Pictures stay out; everything else in the listing below is to be restated word for word.

==== RECORDED INFORMATION ====

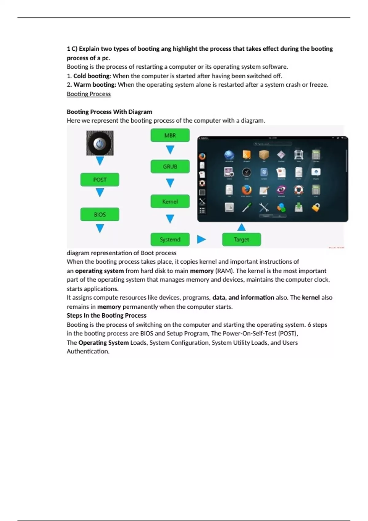 Booting is the process of switching on the computer and starting the operating system. 6 steps
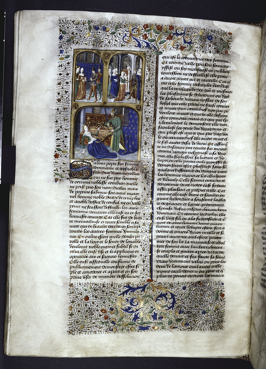New York, Public Library, Spencer 33, f. 62v. Due uomini e due donne si fronteggiano in una sala; il matrimonio di Nerone e Poppea Sabina; Nerone, brandendo una spada, spinge Poppea fuori dal letto e la prende a calci fino ad ucciderla.
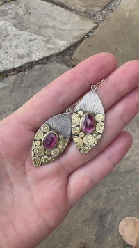 The Antigua Earrings feature gorgeous rose cut pink Tourmaline gemstones set in 18k Gold and enveloped in a cloud of 18k Gold disks with hand stamped "sun's rays" bursting over the top. The back plate of Sterling Silver has been oxidized to accentuate the details of these lovely earrings.

====

SOLUTION:
 Booting is the process of switching on the computer and starting the operating system. 6 steps
New York, Public Library, Spencer 33, f. 62v. Due uomini e due donne si fronteggiano in una sala; il matrimonio di Nerone e Poppea Sabina; Nerone, brandendo una spada, spinge Poppea fuori dal letto e la prende a calci fino ad ucciderla.
 The Antigua Earrings feature gorgeous rose cut pink Tourmaline gemstones set in 18k Gold and enveloped in a cloud of 18k Gold disks with hand stamped "sun's rays" bursting over the top. The back plate of Sterling Silver has been oxidized to accentuate the details of these lovely earrings.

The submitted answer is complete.